Incluso el amor más fuerte puede tambalearse ante la adversidad. La distancia emocional y la falta de comunicación nos llevaron al borde del abismo, cada uno perdido en su propio dolor y confusión. Fue entonces cuando tomé la difícil decisión de pedir el divorcio, sintiendo el peso de un amor que se desvanecía entre mis dedos. ¿Qué fue de todos esos años felices? ¿Qué fue de ese amor tan grande y devoción que algún día nos tuvimos? Los siguientes meses fueron duros, seguimos caminos separados, conociendo a otras personas, pero conviviendo bajo el mismo techo. Me sentí anestesiada emocionalmente la mayor parte del tiempo porque estaba estudiando, trabajando, intentando desconectar de la situación y no tenía tiempo para autogestionarme. Hacía las cosas casi en piloto automático y no daba una. Él, por su lado, era una montaña rusa emocional y daba vueltas como pollo sin cabeza, con las emociones hechas un lío. Además, que es muy introvertido y le cuesta expresar sus emociones. Siempre le digo en plan broma, que para ser Virgo y tener su planeta regente en Mercurio, planeta de la comunicación, debía estar retrogradando el día que nació.


Ahora echo la vista atrás y me doy cuenta de que habían tantos duelos juntos que no pudimos o supimos gestionar. Que arrastrábamos cosas del pasado, que nos fallaba la comunicación y la comprensión y que ambos teníamos heridas profundas que sanar. Cada uno navegaba en su propia crisis personal, llevaba la carga de sus pérdidas e intentaba reencontrarse a si mismo. ¿Cómo no supimos hacer equipo? Imagino que él queriendo ignorar la situación porque ya pasaría y yo queriendo hablar, hablar y hablar todo, nos distanciábamos más y construimos muros en lugar de tender puentes. La cuestión es que no supimos entendernos, demasiada confusión. 


Sin embargo, el destino nos ofreció una nueva oportunidad a los pocos meses, nos pusimos una prueba: debíamos sanar y aprender juntos para seguir intentándolo. Aprendimos a comunicarnos, a apoyarnos mutuamente en los momentos difíciles y a celebrar juntos incluso las cosas más pequeñas. Descubrimos que el amor verdadero no es perfecto, pero con paciencia y compromiso, puede superar cualquier obstáculo. Hablar, hacer por entender al otro, trabajar los patrones, las creencias y las heridas que carga cada uno y que no somos conscientes de como puede afectar en nuestros vínculos.
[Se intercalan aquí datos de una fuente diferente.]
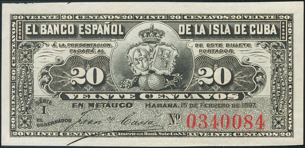 20 Centavos de Cuba. 15 de Febrero de 1897. (Edifil 2017: 85). SC.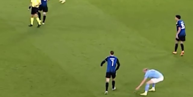 哈兰德捡回裁判掉落的哨子收起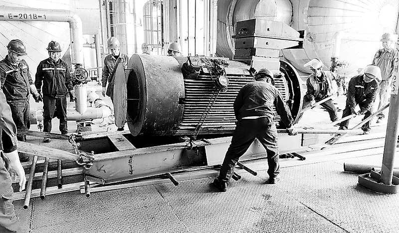 本次搶修最大難點(diǎn)在于設(shè)備轉(zhuǎn)運(yùn)。故障電機(jī)位于6樓且無(wú)行車,7.6噸新電機(jī)需人工轉(zhuǎn)運(yùn)80米,途經(jīng)多處轉(zhuǎn)角與設(shè)備密集區(qū),作業(yè)難度大、風(fēng)險(xiǎn)高。搶修團(tuán)隊(duì)組建牽引、導(dǎo)向、防護(hù)專項(xiàng)小組,18名人員協(xié)同發(fā)力、精準(zhǔn)配合,僅用20分鐘便將電機(jī)平穩(wěn)送至吊點(diǎn)。安裝階段,各專業(yè)嚴(yán)格執(zhí)行“專人負(fù)責(zé)、專人復(fù)核”,高效完成尺寸復(fù)核、接線檢測(cè)與校準(zhǔn)找正。至當(dāng)日15時(shí),歷經(jīng)12小時(shí)連續(xù)奮戰(zhàn),順利完成電機(jī)更換。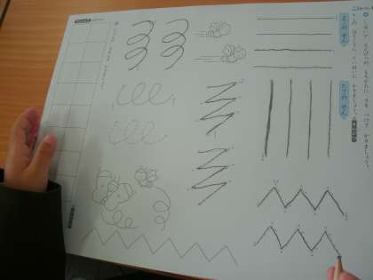 正しい鉛筆の持ち方を確認してから「せんのおけいこ」をしました。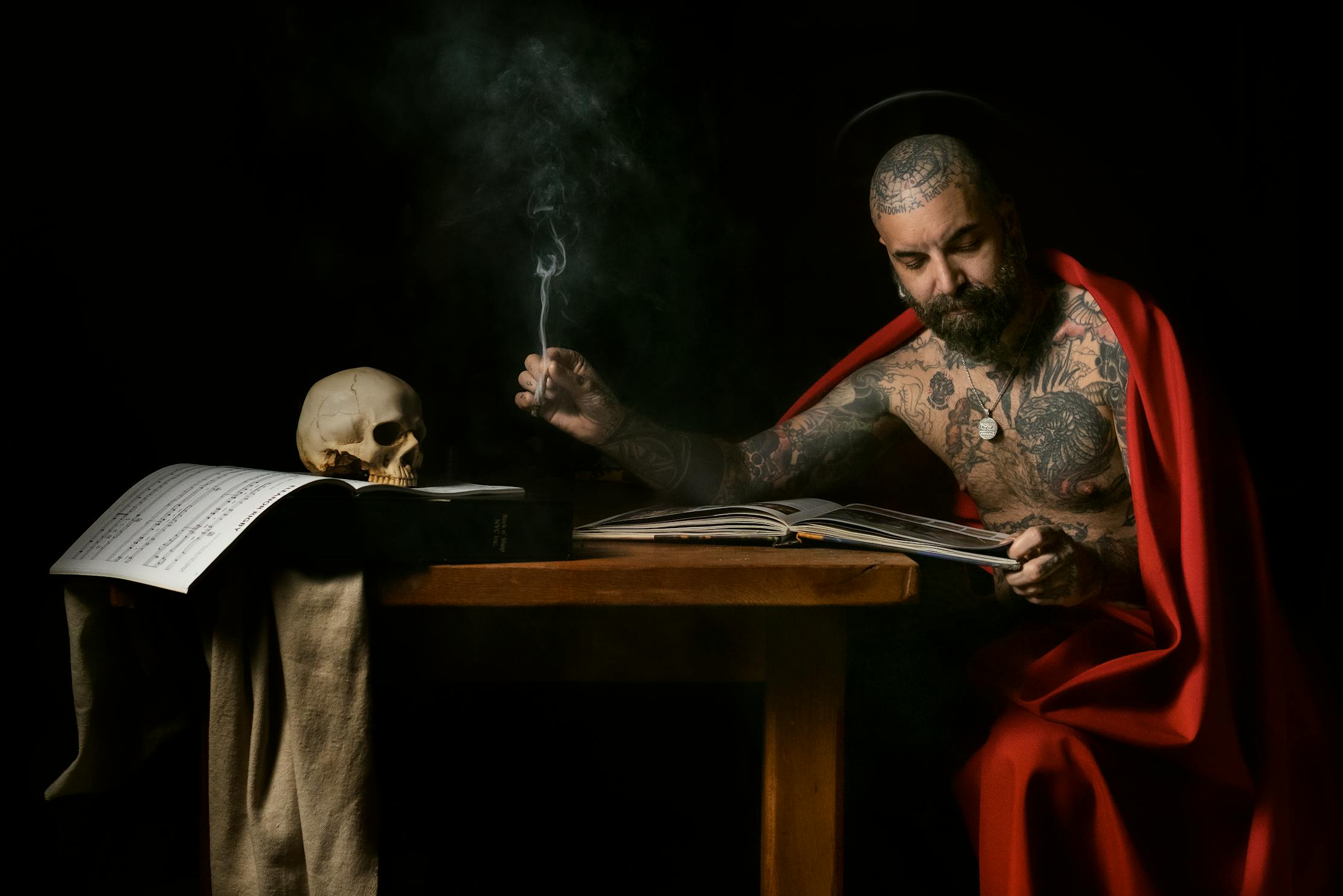Saint Gregory is a reinterpretation of Caravaggio's "Saint Jerome" in a modern context, departing from Jerome's interpreting of the bible and instead displaying the contemplative comforts of our age. Gabriel's work pays respect to classical and chiaroscuro stylings of the past while offering a new vision of fine art photography.

Hoy intentamos hacerlo lo mejor que podemos. Hemos conseguido derribar las barreras de comunicación y hablar más de todo. Intentamos ayudarnos mutuamente, conectar más como pareja priorizando nuestros momentos a solas cuando nos es posible. Intentamos llegar a acuerdos de forma clara y honesta y equilibrar el dar-recibir. Crecer juntos y de forma individual, hacer terapia. Aún así, no existen garantías de que lo nuestro vaya a durar para siempre, pero al menos, no podremos decir que no nos esforzamos en intentarlo.
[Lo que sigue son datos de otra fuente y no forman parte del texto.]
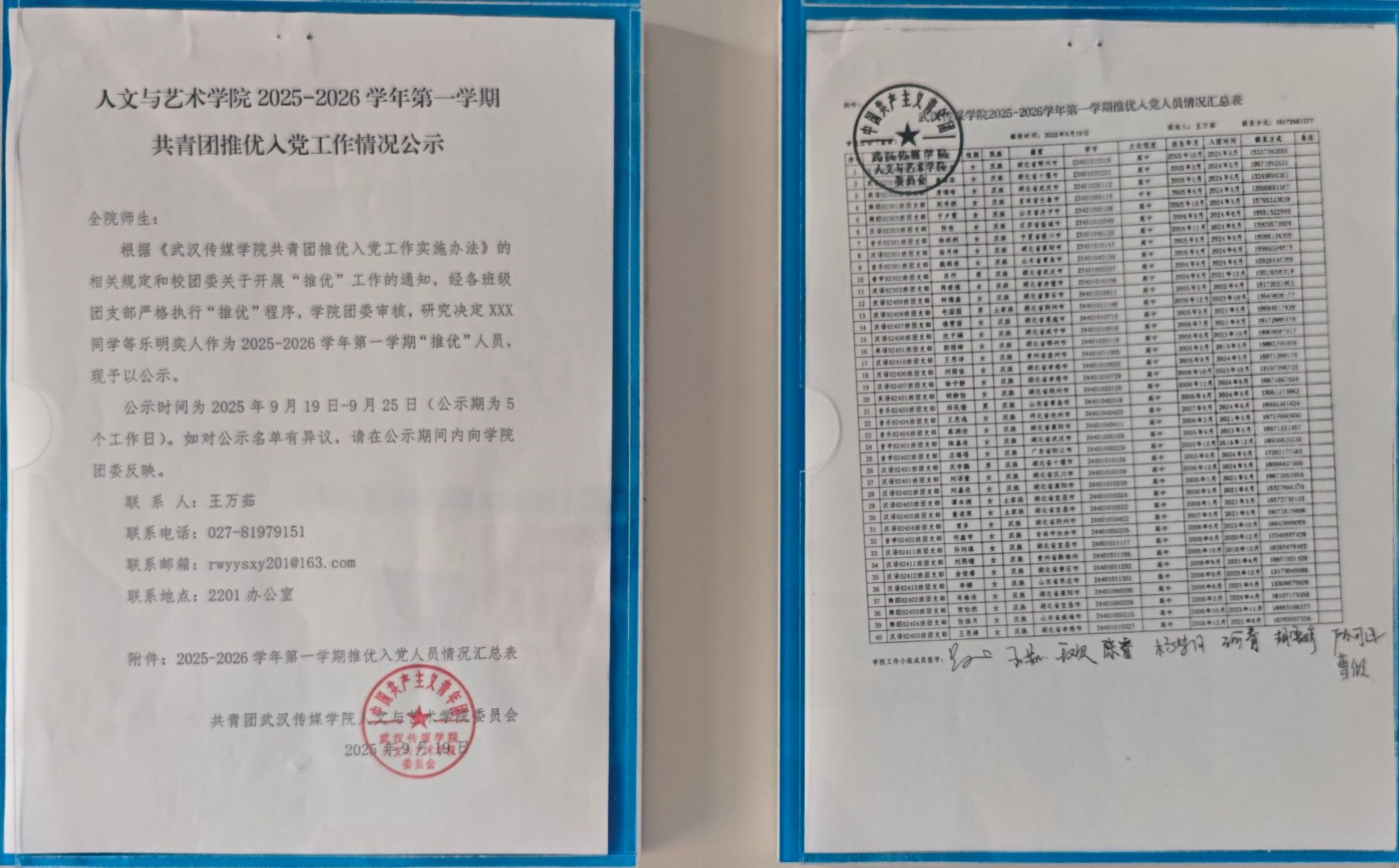 人文与艺术学院2025-2026学年第一学期共青团推优入党工作情况公示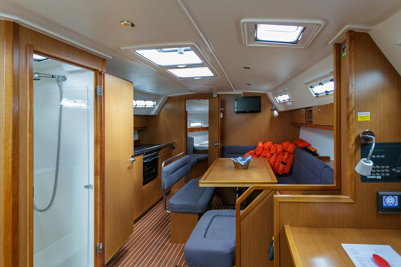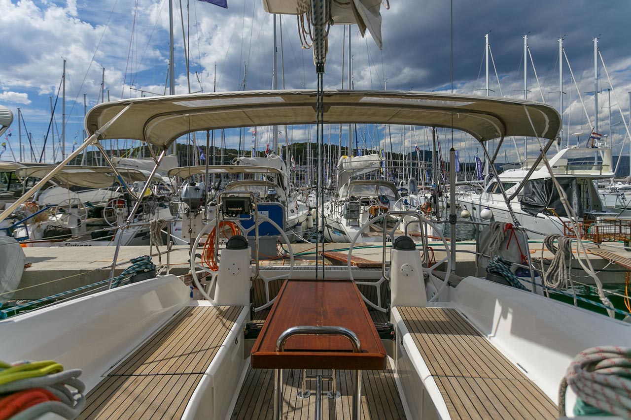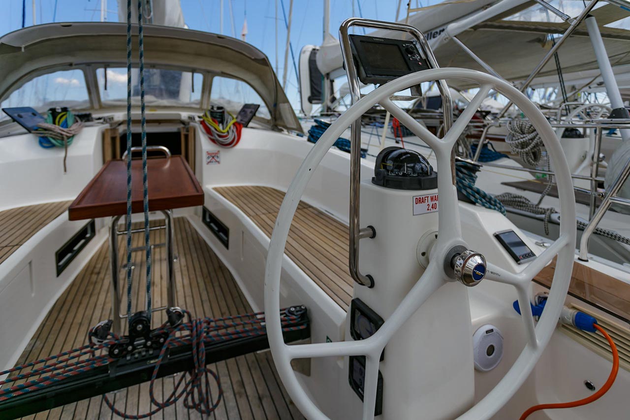 | Outside | Biminitop, Cockpitdusche, Cockpitlautsprecher, Cockpittisch, elektr. Ankerwinsch, Fallwinschen, Faltpropeller, Gangway, Genuawinschen, Selbstholende Winschen, Sonnensegel, Spi-Winschen, Sprayhood |

Nuestra historia es un recordatorio de que el amor es un viaje lleno de altibajos, pero también de momentos hermosos y muy significativos. A pesar de los desafíos y desavenencias que enfrentamos, seguimos eligiéndonos el uno al otro cada día. Porque al final, lo que realmente importa es la fuerza de nuestro vínculo y el amor que compartimos por nosotros y por nuestros hijos. Y así es como reescribimos nuestra historia.